What you are asked to do: For this exercise, retype the lines from the one that holds "In other words, the" through the one that holds "Add a touch" in the records below, both included, exactly and without pictures.

== Provided data ==

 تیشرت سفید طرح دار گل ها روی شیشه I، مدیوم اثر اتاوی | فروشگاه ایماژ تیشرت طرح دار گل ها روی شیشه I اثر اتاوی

===
== Provided data ==

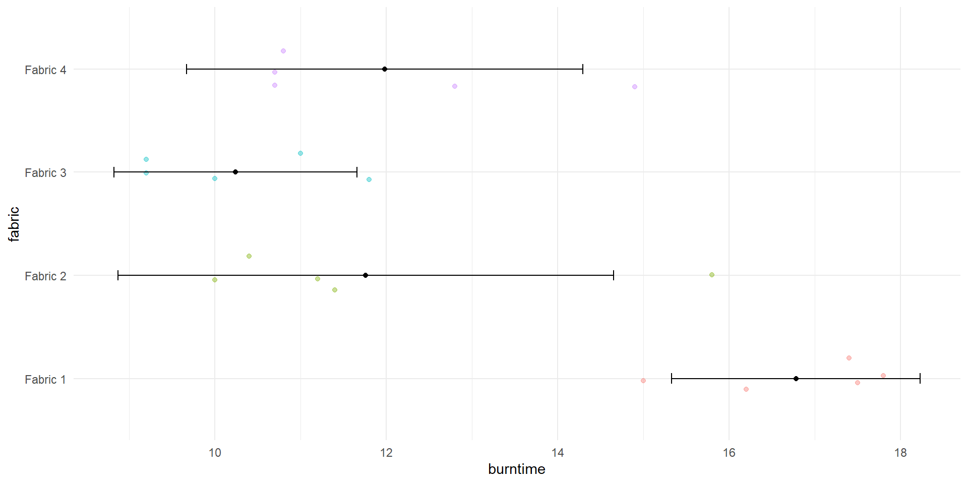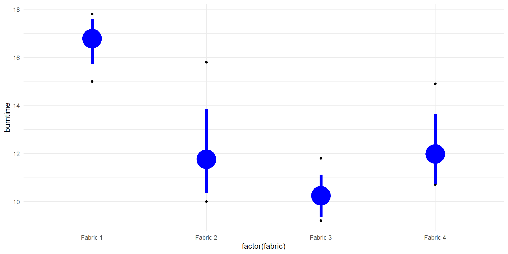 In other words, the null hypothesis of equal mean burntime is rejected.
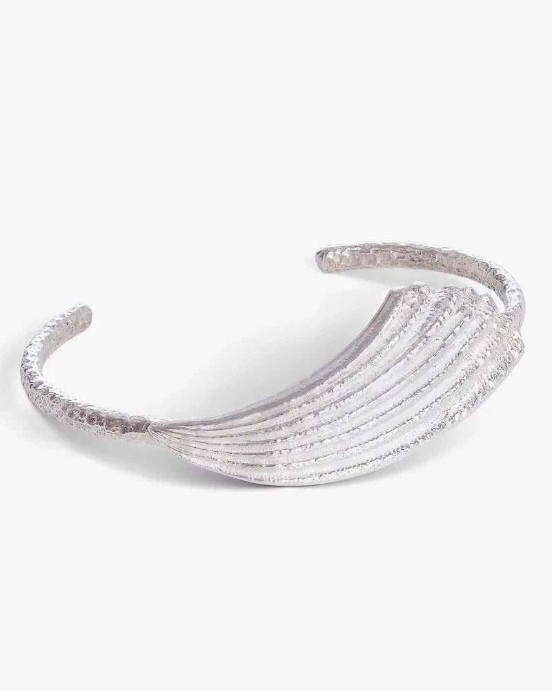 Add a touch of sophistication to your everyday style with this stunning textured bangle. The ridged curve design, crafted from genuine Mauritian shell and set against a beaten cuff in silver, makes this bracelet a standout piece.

===

Solution:
 In other words, the null hypothesis of equal mean burntime is rejected.
 Add a touch of sophistication to your everyday style with this stunning textured bangle. The ridged curve design, crafted from genuine Mauritian shell and set against a beaten cuff in silver, makes this bracelet a standout piece.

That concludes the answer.